Far-sighted groups such as the Rocky Mountain Elk Foundation, Ducks Unlimited, Inland Northwest Land Trust and The Nature Conservancy are joining the cause and teaming with agencies to save some of these precious wildlife and winter range lands from future development.

 As private timber companies liquidate their forests and look for the higher profit of subdividing and developing their lands, consider this quote in today's front page S-R story on the forest planning process being kicked off in North Idaho.

“You look at real estate ads these days. They say, 'Adjacent to national forest lands.' That's a selling point for people.”

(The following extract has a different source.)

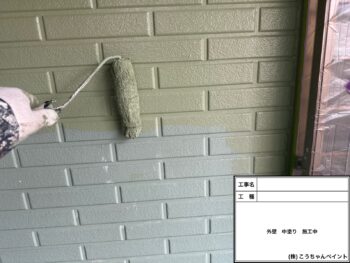 外壁中塗り施工中
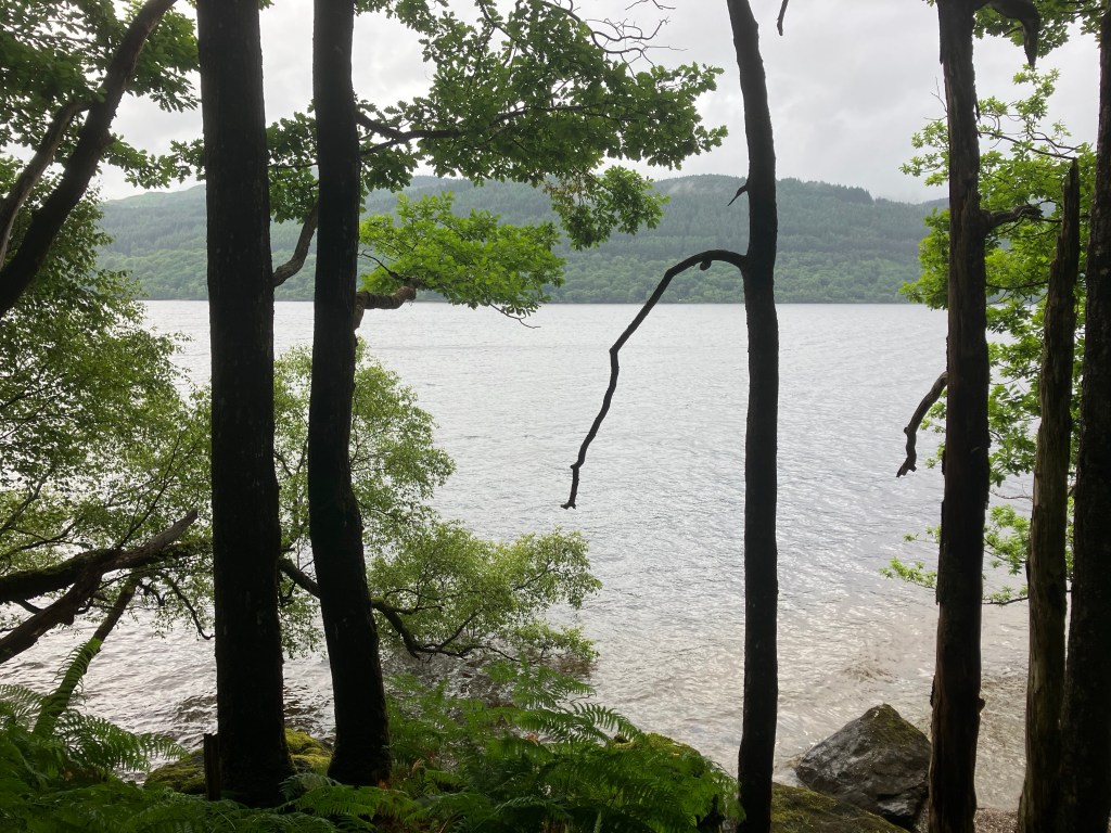 Today was interesting. Starting from the hotel car park where we arrived yesterday, we followed signs to West Highland Way and soon were tracing the shore of Loch Lomond on our left again, but now at a higher elevation through a thick pine forest. Water cascading down from the hills on our right was impressive as too were the culverts diverting the deluge under the path we were on. We commented that walkers on the lower path nearer the Loch would probably have to negotiate the torrents and we felt quite smug about choosing the higher one. Soon the lower path rose up the hill to join ours and we were suddenly scrambling over boulders and climbing up tree roots along a sometimes narrow ledge. It’s frightening and surprising that the walk actually allowed those using it to traverse the roaring cataracts without helmets and diving suits. Carol said “you go first”. We’ve been here before I thought, only last time we had Otto to show us how. There was the slippery looking stepping stone. So taking a deep breath I stepped into the thundering maelstrom. Carol quickly followed behind, and pushing past said “keep up”. This is not for the faint hearted I thought as we continued up the twisting bone breaking rocks, when I saw coming towards us down the slope on what looked like a chopper bike, a blond haired child about ten years old bouncing all over the place. As he passed he didn’t even glance at me, his steely eyes fixed on the rocks he was some how managing to bump his bike over. Two things crossed my mind in that moment, where did this crazy child come from and, the poor chap’s going to have to carry his bike all the way back when he meets the shocker we’ve just had to cross. But within minutes we were facing another rushing wall of liquid ferocity, but this time no stepping stone. But that’s not possible I thought, I must be dreaming, but reality kicked in when Carol repeated her mantra, “you go first”. I looked at the throat the water was crashing straight down into, feeding the insatiable loch a hundred feet below. That child on their bike crossed this! After much trepidation I did what I’ll only describe as a ‘highland fling’ landing on a dinner plate sized flat stone where I did a Scottish Jig (hands waving over head, hopping on one leg while twirling on the spot). Carol was not impressed and rearranged the look on her face from fearful to terrified. Passing across her walking poles it was agreed we’d use them to help her make the leap. Knowing she was clutching at straws, she closed her eyes and did what many of us do when our options get desperate. Then miraculously a firm arm appeared alongside the poles with the kind of hand that could unscrew tops from jars of unopened marmalade. Immediately Carol transferred her trust and was pulled safely across by a young chap who’d just arrived behind me. “Good one” he said and immediately leapt the gap as though the water wasn’t even there, and he was gone. Not much later we met little Evel Knievel’s twin and their parents. All on bikes: Mum and Dad’s loaded with large pannier bags. Dad’s leg was bleeding from cuts to his shin and it was clear that this little one had stayed behind to look out for his less nimble parents. Today was interesting.

Mary Farnsworth, supervisor of the Idaho Panhandle National Forests, where nearly 40 percent of its 2.5 million acres are now classified as “wildland-urban interface.”
- Spokane Spokesman-Review

See how private groups are helping the Forest Service and state wildlife agencies preserve critical wildlife areas in the east slope of the Cascades as well as north of Lake Pend Oreille.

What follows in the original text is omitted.